Rosen S T, Radvany R, Roenigk H, Terasaki P I, Bunn P A
J Am Acad Dermatol. 1985 Mar;12(3):531-4. doi: 10.1016/s0190-9622(85)70075-8.
Mycosis fungoides (MF) and Sézary syndrome (SS) are malignant non-Hodgkin's lymphomas, characterized by the proliferation of helper type T lymphocytes with a predilection for the skin. Because of the similarities in cytologic, histologic, cytogenetic, immunologic, and functional aspects of the malignant cells, as well as overlapping clinical features, these disorders are currently classified as cutaneous T cell lymphoma (CTCL). Though the etiology of these disorders remains obscure, environmental factors as well as viral infection have been implicated. In this study, seventy-six white patients with CTCL were typed for human leukocyte antigen (HLA)-A, -B, and -C to assess genetic susceptibility as determined by the major histocompatibility complex. An increase in the frequency of B8 and Bw35 was seen in SS patients but not in MF patients.

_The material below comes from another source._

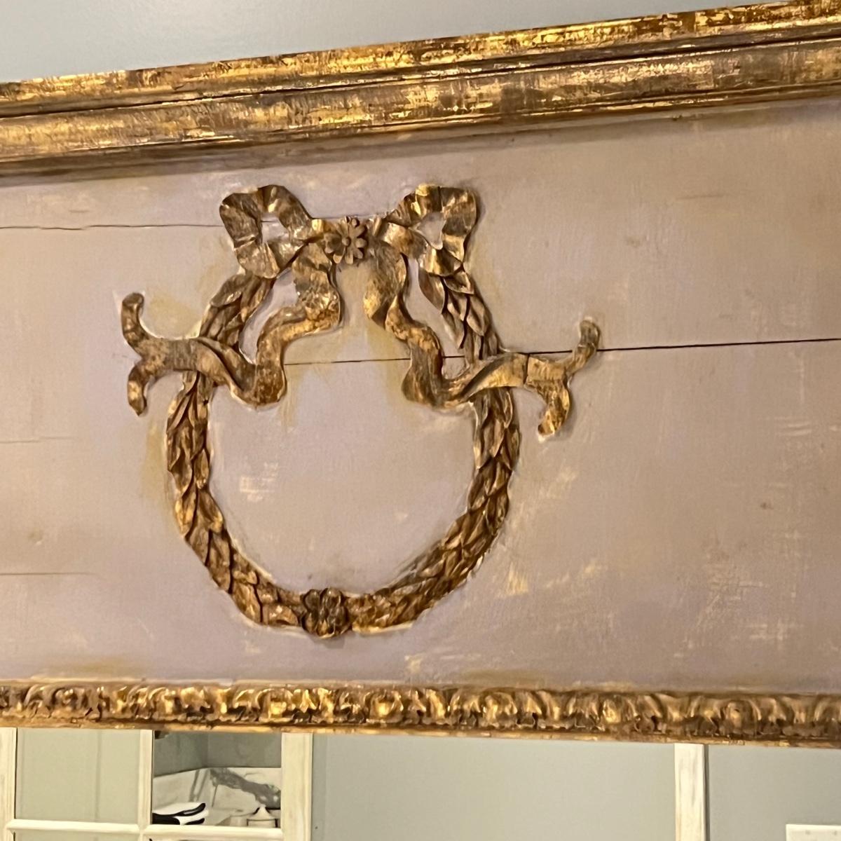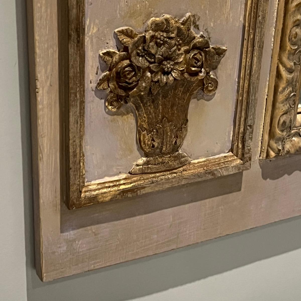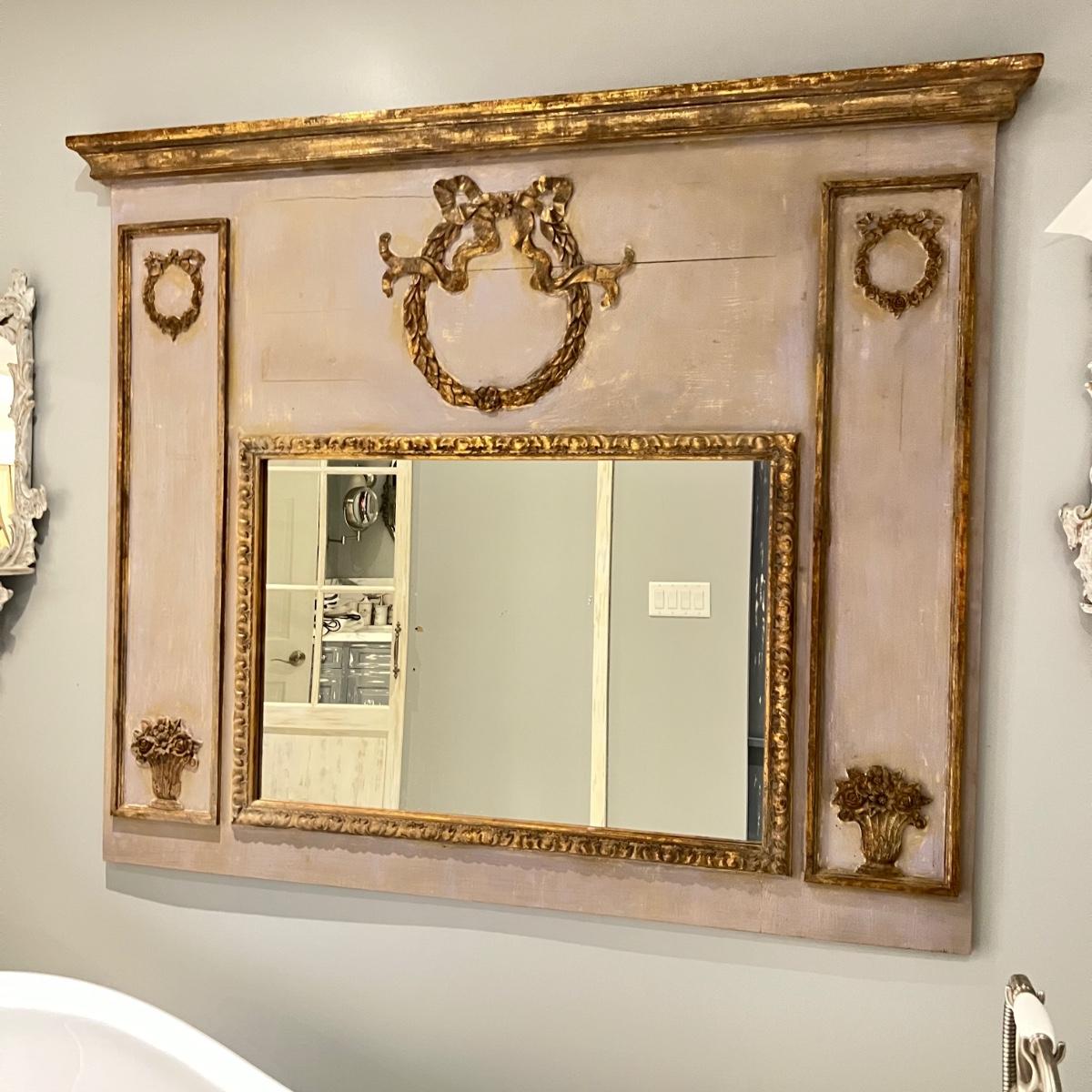 This lovely large mirror is painted wood with gold painted frame. It measures 54” x 48”H and is 3” deep at the top of the frame. Note that there are a few light cracks in the wood, see images.
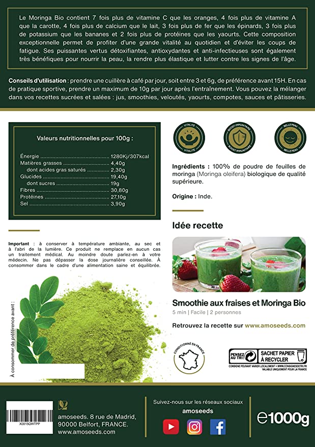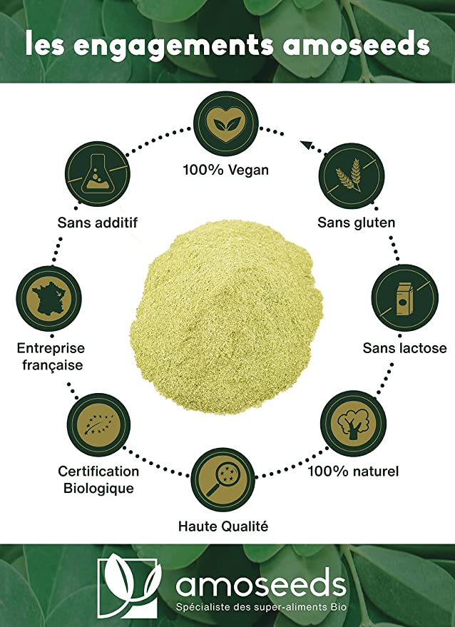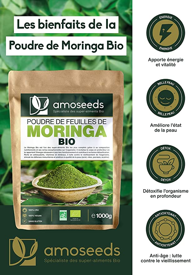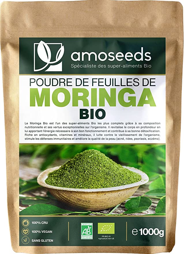 Poudre de feuilles de Moringa Bio 1KG | Vitamine A, Antioxydant, Détox, Peau | Qualité Supérieure

蕈样肉芽肿(MF)和塞扎里综合征(SS)是恶性非霍奇金淋巴瘤,其特征为辅助性T淋巴细胞增殖,且好发于皮肤。由于恶性细胞在细胞学、组织学、细胞遗传学、免疫学和功能方面存在相似性,以及临床特征重叠,这些疾病目前被归类为皮肤T细胞淋巴瘤(CTCL)。尽管这些疾病的病因仍不明确,但环境因素以及病毒感染与之有关。在本研究中,对76例CTCL白人患者进行了人类白细胞抗原(HLA)-A、-B和-C分型,以评估由主要组织相容性复合体决定的遗传易感性。在SS患者中观察到B8和Bw35频率增加,但在MF患者中未观察到。